By 1996, Emacspeak was the only piece of adaptive technology I used; in fall of 1995, I had moved to Adobe Systems from DEC Research to focus on enhancing the Portable Document Format (PDF) to make PDF content repurposable. Between 1996 and 1998, I was primarily focused on electronic document formats — I took this opportunity to step back and evaluate what I had built as an auditory interface within Emacspeak. This retrospect proved extremely useful in gaining a sense of perspective and led to formalizing the high-level concept of Conversational Gestures and structured browsing/searching as a means of thinking about user interfaces.

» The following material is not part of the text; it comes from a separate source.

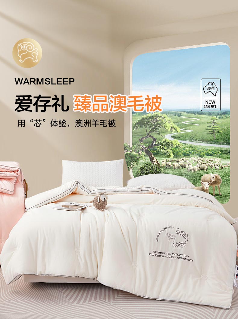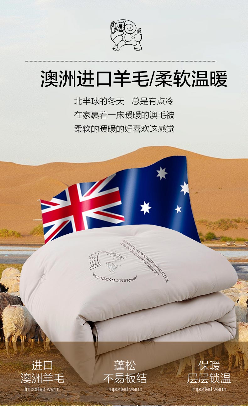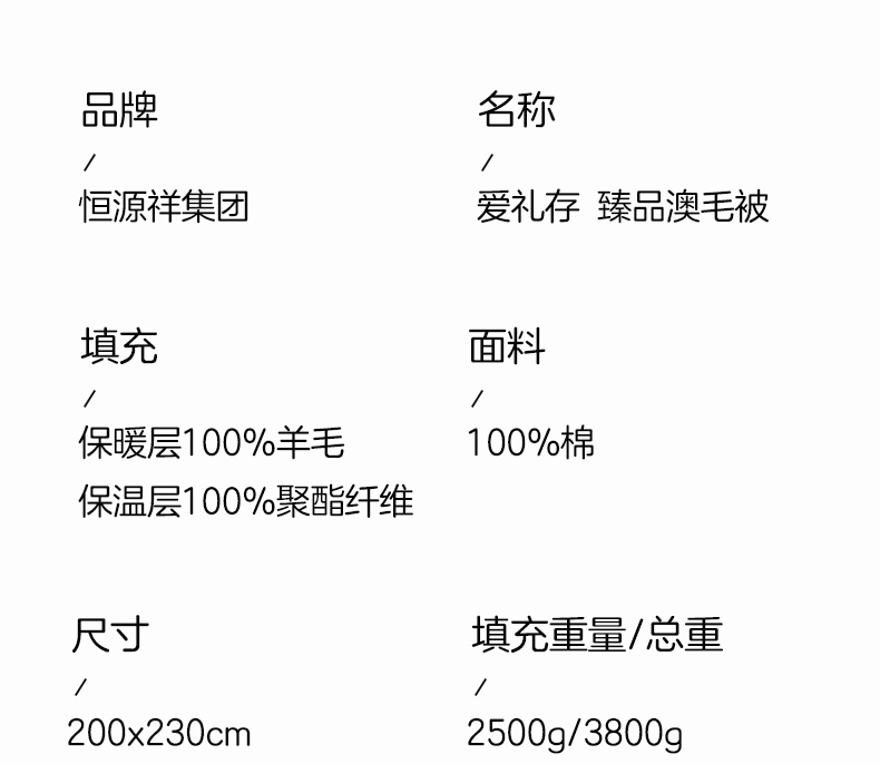 商品名称:恒源祥彩羊爱礼存臻品澳毛被200*230cm 3800g

By now, Emacspeak was a complete environment — I formalized what it provided under the moniker Complete Audio Desktop. The fully integrated user experience allowed me to move forward with respect to defining interaction models that were highly optimized to eyes-free interaction — as an example, see how Emacspeak interfaces with modes like dired (Directory Editor) for browsing and manipulating the filesystem, or proced (Process Editor) for browsing and manipulating running processes. Emacs’ integration with ispell for spell checking, as well as its various completion facilities ranging from minibuffer completion to other forms of dynamic completion while typing text provided more opportunities for creating innovative forms of eyes-free interaction. With respect to what had gone before (and is still par for the course as far as traditional screen-readers are concerned), these types of highly dynamic interfaces present a challenge. For example, consider handling a completion interface using a screen-reader that is speaking the visual display. There is a significant challenge in deciding what to speak e.g., when presented with a list of completions, the currently typed text, and the default completion, which of these should you speak, and in what order? The problem gets harder when you consider that the underlying semantics of these items is generally not available from examining the visual presentation in a consistent manner. By having direct access to the underlying information being presented, Emacspeak had a leg up with respect to addressing the higher-level question — when you do have access to this information, how do you present it effectively in an eyes-free environment? For this and many other cases of dynamic interaction, a combination of audio formatting, auditory icons, and the ability to synthesize succinct messages from a combination of information items — rather than having to forcibly speak each item as it is rendered visually provided for highly efficient eyes-free interaction.

This was also when I stepped back to build out Emacspeak’s table browsing facilities — see the online Emacspeak documentation for details on Emacspeak’s table browsing functionality which continues to remain one of the richest collection of end-user affordances for working with two-dimensional data.